Iterations	Passed	Failed	Pass Rate	Avg Time
1	53	0	100%	50.7s
2	4	0	100%	146.5s
4	2	2	50.0%	287.5s
5	0	31	0%	246.7s

The pattern is striking: every problem that reaches 5 iterations fails. This is a hard ceiling, not a soft degradation.
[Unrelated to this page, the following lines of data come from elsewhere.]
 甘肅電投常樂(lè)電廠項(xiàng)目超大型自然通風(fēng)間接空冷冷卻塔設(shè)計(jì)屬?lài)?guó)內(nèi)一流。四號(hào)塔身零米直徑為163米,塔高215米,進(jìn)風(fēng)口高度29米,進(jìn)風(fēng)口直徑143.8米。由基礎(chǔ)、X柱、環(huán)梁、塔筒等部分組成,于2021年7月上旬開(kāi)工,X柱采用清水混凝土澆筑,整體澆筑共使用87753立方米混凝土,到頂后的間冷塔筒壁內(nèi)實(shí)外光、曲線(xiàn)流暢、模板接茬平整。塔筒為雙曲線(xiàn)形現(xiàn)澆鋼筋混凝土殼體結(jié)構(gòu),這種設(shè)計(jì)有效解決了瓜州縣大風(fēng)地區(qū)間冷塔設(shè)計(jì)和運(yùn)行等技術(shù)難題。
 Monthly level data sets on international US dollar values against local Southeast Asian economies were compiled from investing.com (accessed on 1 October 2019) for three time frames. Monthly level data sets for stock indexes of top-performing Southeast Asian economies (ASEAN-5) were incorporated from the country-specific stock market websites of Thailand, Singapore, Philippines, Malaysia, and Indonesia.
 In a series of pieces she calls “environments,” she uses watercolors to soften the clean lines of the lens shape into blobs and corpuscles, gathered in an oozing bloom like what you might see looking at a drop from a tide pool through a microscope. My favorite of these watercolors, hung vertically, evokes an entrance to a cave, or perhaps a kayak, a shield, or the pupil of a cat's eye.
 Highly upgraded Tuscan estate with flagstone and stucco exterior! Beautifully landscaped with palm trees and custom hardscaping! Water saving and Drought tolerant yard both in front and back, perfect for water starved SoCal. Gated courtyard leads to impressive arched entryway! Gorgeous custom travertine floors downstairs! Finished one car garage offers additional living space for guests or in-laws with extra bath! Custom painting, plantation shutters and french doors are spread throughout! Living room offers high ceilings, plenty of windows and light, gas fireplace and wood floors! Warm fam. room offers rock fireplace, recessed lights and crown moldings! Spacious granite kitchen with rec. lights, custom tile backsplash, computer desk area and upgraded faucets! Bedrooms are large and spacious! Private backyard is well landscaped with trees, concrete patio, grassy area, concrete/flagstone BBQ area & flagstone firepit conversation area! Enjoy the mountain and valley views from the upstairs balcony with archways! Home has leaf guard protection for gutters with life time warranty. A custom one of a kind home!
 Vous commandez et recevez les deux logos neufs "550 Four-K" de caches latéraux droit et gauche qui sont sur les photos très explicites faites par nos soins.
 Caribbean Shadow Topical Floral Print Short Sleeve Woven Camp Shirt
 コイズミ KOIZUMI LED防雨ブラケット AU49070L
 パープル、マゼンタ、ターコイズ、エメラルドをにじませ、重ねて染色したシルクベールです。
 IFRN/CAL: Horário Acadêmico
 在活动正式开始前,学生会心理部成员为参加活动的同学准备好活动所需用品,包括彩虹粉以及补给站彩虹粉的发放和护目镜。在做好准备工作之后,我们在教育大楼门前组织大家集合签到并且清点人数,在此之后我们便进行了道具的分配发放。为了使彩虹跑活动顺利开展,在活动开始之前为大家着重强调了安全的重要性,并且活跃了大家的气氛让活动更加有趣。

If the pipeline hasn't solved a problem in 4 attempts, the 5th attempt has zero empirical chance of succeeding.

Timing

Status	Avg Time	Median	Max
Passed	55.8s	47.1s	340.5s
Failed	383.1s	254.8s	1,020s

Failures take 6.9x longer on average — the system exhausts its iteration budget before admitting defeat.

Key Takeaways

94.7% non-agentic on CVDP demonstrates that iterative EDA feedback with a strong foundation model solves the vast majority of realistic RTL problems — not just textbook exercises.
Efficiency over brute force: ChipCraftX matches or beats ACE-RTL on 3/4 categories with 5 iterations vs their 150 attempts.
Agentic is the frontier: 64.1% on multi-file integration tasks shows where the real challenge lies. Code completion and spec-to-RTL are approaching saturation; module integration and debugging at scale are the next problems to solve.
Transparency builds trust: We report our cid016 gap honestly. ACE-RTL's restart mechanism is a good idea that we plan to adopt. The 16 non-agentic failures are understood and actively being addressed.

Results as of March 2026. ACE-RTL data from arXiv:2602.10218 (February 2026). All ChipCraftX evaluations use Icarus Verilog + cocotb on the open-source CVDP subset.